Stored items
········
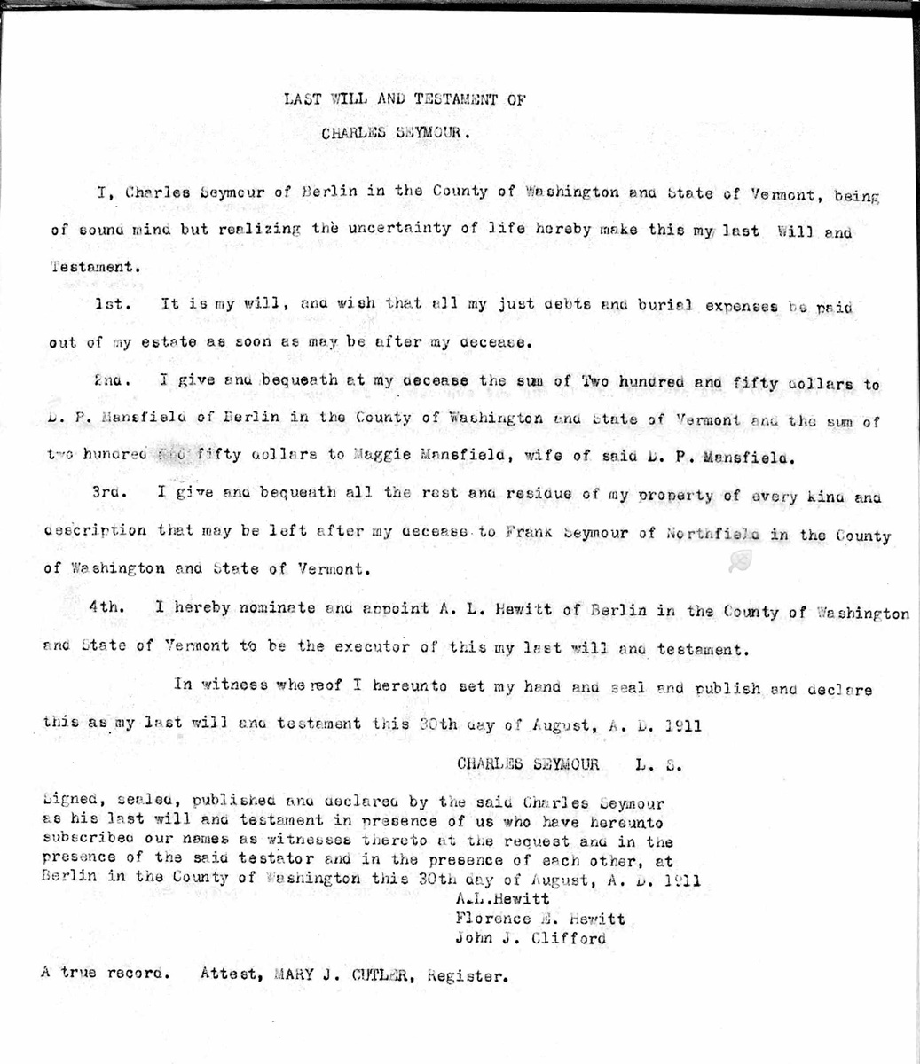Will of Charles Seymour
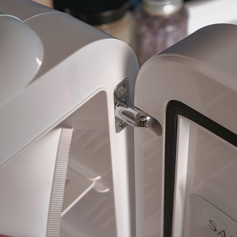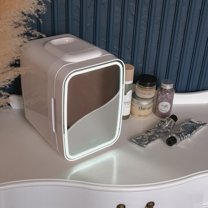 Внутренний объем бьюти-холодильника 4 л, чего вполне достаточно для хранения разнообразных уходовых продуктов. Его легко переносить и брать с собой в путешествия, так как вес без упаковки составляет всего 2 кг.
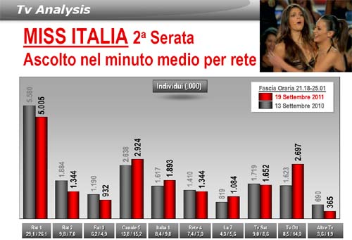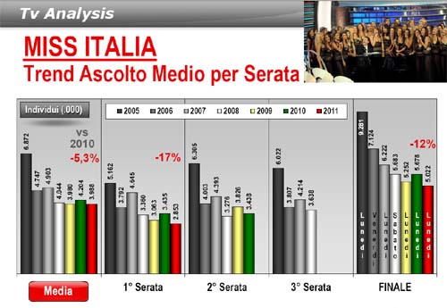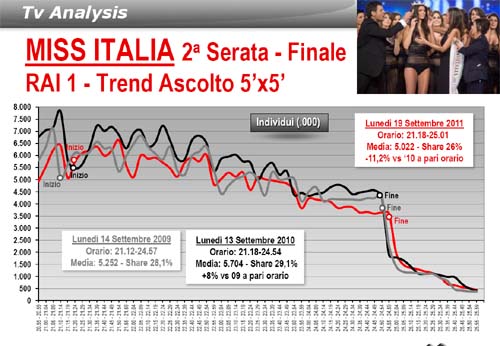 La 72a edizione di Miss Italia registra in totale un calo d'ascolto di oltre il 5% rispetto al 2010. La finale di ieri sera, oltremodo lunga (quasi 4 ore) ha ottenuto solo 5 milioni d’ascolto nel minuto medio, con una share del 26%, il valore più basso della storia e anche i break pubblicitari erano 'scarichi'.
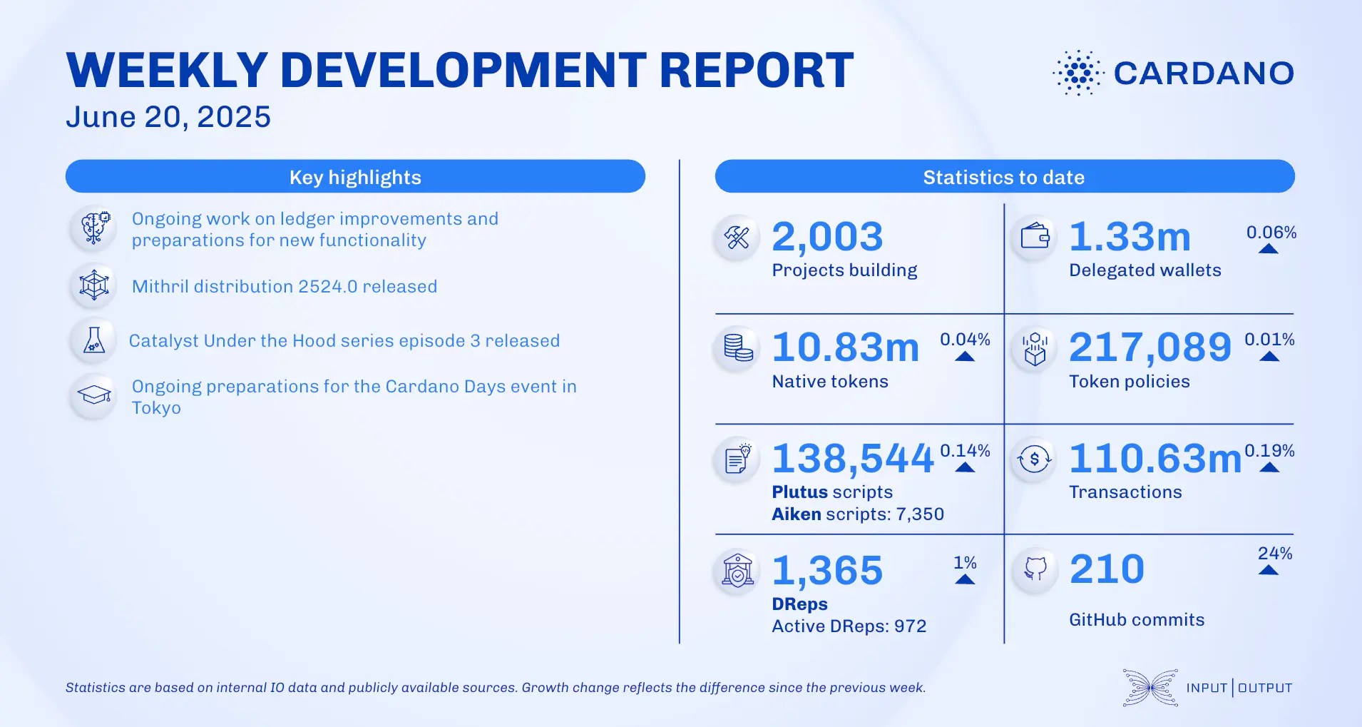 Cardano continues its steady expansion across key infrastructure, governance, and ecosystem initiatives, as reflected in its latest development report.
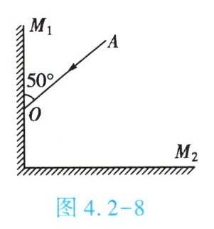4. (★★★)在图 4.2 - 8 中,两块平面镜互相垂直放置,入射光线 $ AO $ 与平面镜 $ M_1 $ 的夹角是 $ 50^{\circ} $,此光线在平面镜 $ M_2 $ 上的反射角是
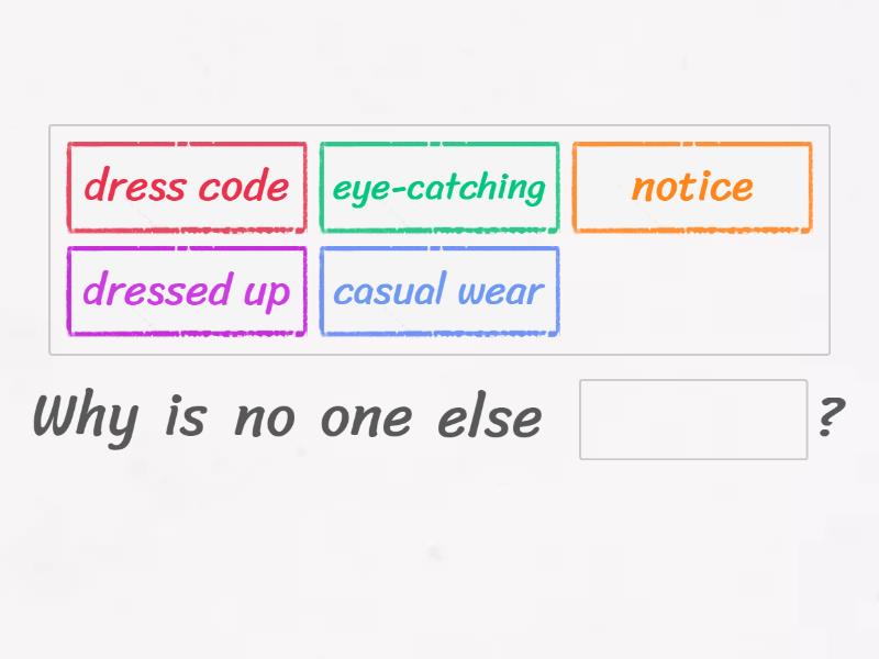 Why is no one else ____? They changed the ____ to ____. Maybe no one will ____ me...? Your dress is so fancy and ____!
········
What is expected:
Restate each of the entries above word for word and skip every image.

The answer:
Will of Charles Seymour
 Внутренний объем бьюти-холодильника 4 л, чего вполне достаточно для хранения разнообразных уходовых продуктов. Его легко переносить и брать с собой в путешествия, так как вес без упаковки составляет всего 2 кг.
 La 72a edizione di Miss Italia registra in totale un calo d'ascolto di oltre il 5% rispetto al 2010. La finale di ieri sera, oltremodo lunga (quasi 4 ore) ha ottenuto solo 5 milioni d’ascolto nel minuto medio, con una share del 26%, il valore più basso della storia e anche i break pubblicitari erano 'scarichi'.
 Cardano continues its steady expansion across key infrastructure, governance, and ecosystem initiatives, as reflected in its latest development report.
4. (★★★)在图 4.2 - 8 中,两块平面镜互相垂直放置,入射光线 $ AO $ 与平面镜 $ M_1 $ 的夹角是 $ 50^{\circ} $,此光线在平面镜 $ M_2 $ 上的反射角是
 Why is no one else ____? They changed the ____ to ____. Maybe no one will ____ me...? Your dress is so fancy and ____!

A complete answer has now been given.